The Cache interface is the framework’s opportunistic key/value cache. Three operations cover ~95 % of real cases: get, set, atomic increment, set-if-absent, delete.

Used by:

interface Cache {
get<V>(key: string): Promise<Option<V>>;
set<V>(key: string, value: V, ttlMs?: number): Promise<void>;
incr(key: string, ttlMs?: number): Promise<number>;
setIfAbsent<V>(key: string, value: V, ttlMs?: number): Promise<boolean>;
delete(...keys: string[]): Promise<void>;
mget<V>(keys: string[]): Promise<Map<string, V>>;
mset(entries: Array<[string, unknown, number?]>): Promise<void>;
}

Small surface — no pattern scans, no pub/sub (the cluster has its own pub/sub).

BackendUse
InMemoryCacheSingle-pod / tests. In-process Map.
RedisCacheMulti-pod production. Wraps ioredis.
MemcachedCacheMulti-pod where Memcached fits.
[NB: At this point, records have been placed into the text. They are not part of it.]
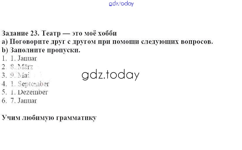 На страницах сайта gdz.today вы найдете учебный и вспомогательный материал, направленный на улучшения знаний школьной программы. ГДЗ - онлайн мир знаний Уроки 1-13 Решение к главе 6. Хобби и игра 23 Учебнику по Немецкому языку для 5 класса Яковлева Углубленный уровень Просвещение Wunderkinder Plus 2020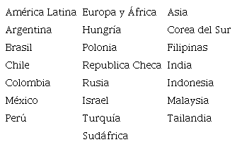 Se utilizaron las series de 19 economías emergentes de América Latina, Europa y África, y Asia emergente. Al seleccionar los 19 países emergentes se consideró que tuvieran un mercado financiero relativamente desarrollado y que su política cambiaria fuera de libre flotación, aunque como es claro, el grado de convertibilidad y de flotación puede diferir entre las economías.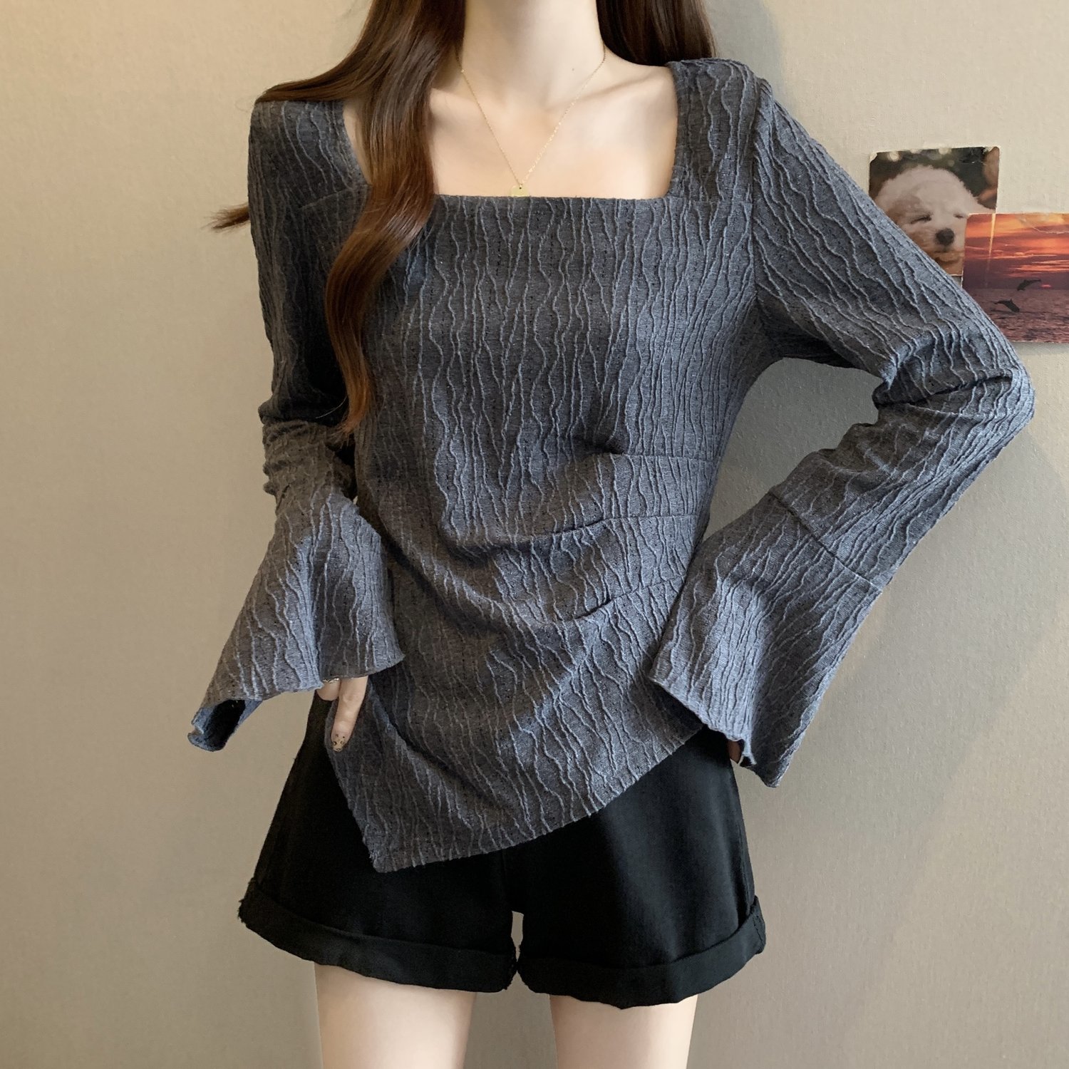 300斤大码女装胖mm设计感长袖t恤秋冬季新款打底衫显瘦遮肚子上衣

Wraps memjs.

Pick by deployment shape:

  • Single pod — InMemoryCache. Fast, no extra peer deps.
  • Multi-pod with Redis already — RedisCache.
  • Multi-pod with Memcached already — MemcachedCache.
  • Multi-pod, no preference — RedisCache. More features (pub/sub, persistence, etc.) and the wider ecosystem.

Caches are lossy by design. A get returning None means “not cached” — the caller’s job is to fall back to the source of truth:

const cached = await cache.get<User>(`user:${id}`);
if (cached.isSome()) return cached.value;
const user = await db.users.findById(id); // ← source of truth
await cache.set(`user:${id}`, user, 60_000);
return user;

If set fails (Redis down, network blip), the cache stays empty — but the call still returns the right answer (the source of truth was consulted).
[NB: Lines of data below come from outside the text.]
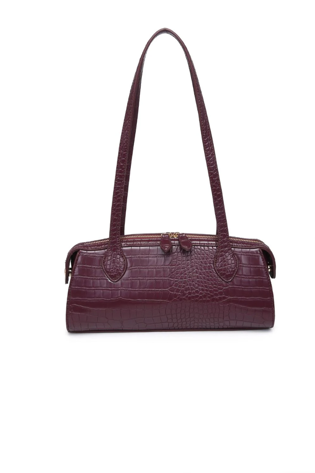 - Exterior Details: Gold Hardware, Croc Print, Dual Shoulder Straps, Pull Tabs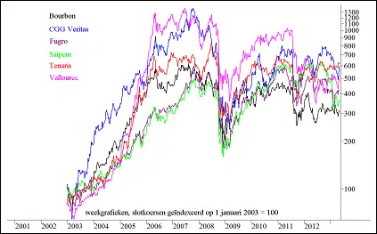 De Europese notering van Tenaris dateert van eind 2002, dus wij hebben alle koersen geïndexeerd op 1 januari 2003 om de ontwikkeling enigszins vergelijkbaar te maken. Helemaal compleet zijn wij dan niet, want er is in de grafiek geen correctie aangebracht voor de uitgekeerde dividenden. CGG Veritas bijvoorbeeld heeft in de afgelopen 12 jaar nimmer een dividend uitgekeerd, terwijl de anderen ook nog eens niet allemaal dezelfde pay-out ratio hanteren. Dit soort verschillen komen in de volgende artikelen, wanneer wij op de individuele ondernemingen ingaan, nog nader aan de orde.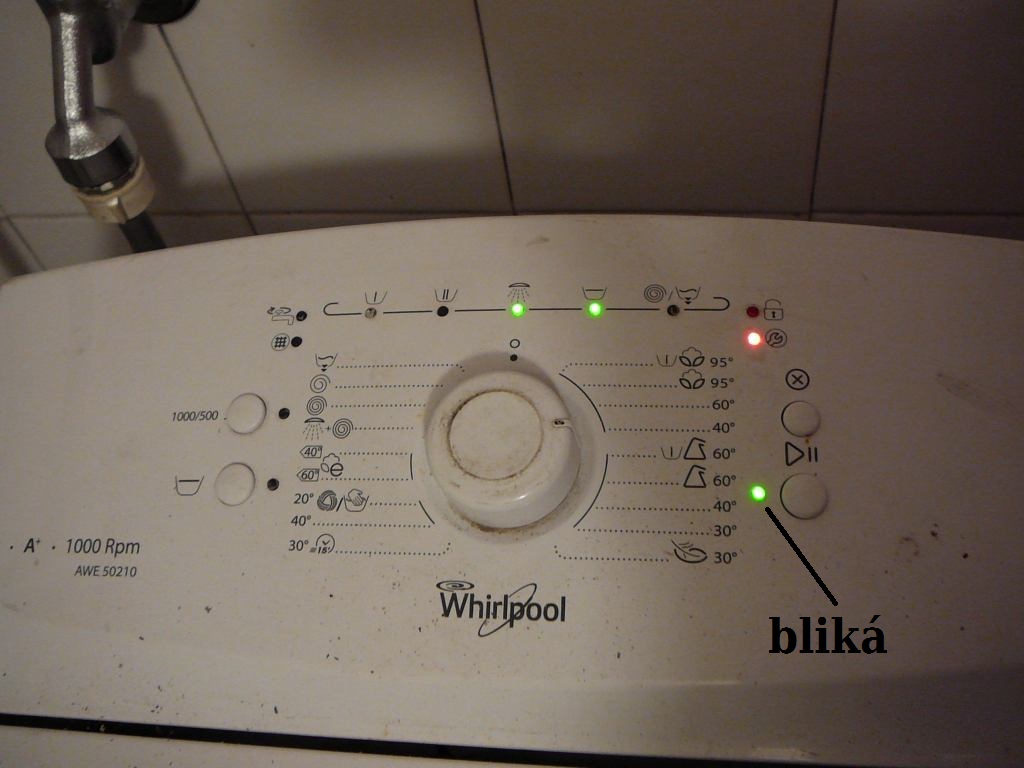 pračka wirlpool. spuštěn program, párkrát se ozve motor, potom začne napouštět, po chvíli se nic neděje a potom se rozsvítí červená kontrolka. zelená dioda pod ní začne blikat. Kde hledat chybu?

Cache implementations return defaults on transient failures rather than throwing. Misuse (bad TTL, malformed value) throws.
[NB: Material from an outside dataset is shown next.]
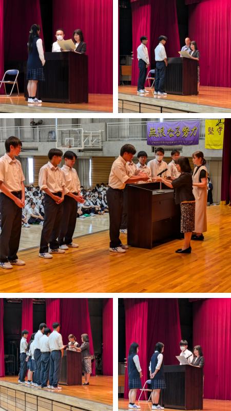 パワーリフティング部・女子バドミントン部・陸上競技部・男女テニス部・中学テニス部・写真部・書道部、それぞれ大会での結果を、全校の前で表彰しました。

await cache.set('key', value, 60_000); // expires in 60s
await cache.set('key', value); // no expiry
  • With ttlMs — entry expires after the window.
  • Without — entry stays until evicted (LRU on InMemoryCache; backend-policy on Redis / Memcached).

Most uses: always set a TTL. No-TTL entries grow until eviction; explicit TTLs are predictable.

const count = await cache.incr(`requests:${userId}`, 60_000);
if (count > 100) throw new Error('rate limit');

incr returns the new count after incrementing. When ttlMs is set AND the counter was just created (count === 1), the TTL is set.

Used by rate-limit middleware for fixed-window counters.

const got = await cache.setIfAbsent('lock:key', 'me', 5_000);
if (got) {
// I won the race; do the work
} else {
// Someone else has it
}

Atomic CAS-style write. Used by idempotency-key middleware to detect “I’m the first request with this key.”

const users = await cache.mget<User>(['user:1', 'user:2', 'user:3']);
// → Map<string, User> — missing keys absent

Round-trip optimization. Critical for shared-entity-hydration patterns after a sharding rebalance — pull every active entity’s state in one Redis call instead of N.

mset is the dual:

await cache.mset([
['user:1', user1, 60_000],
['user:2', user2, 60_000],
]);

The Cache API reference covers the full interface.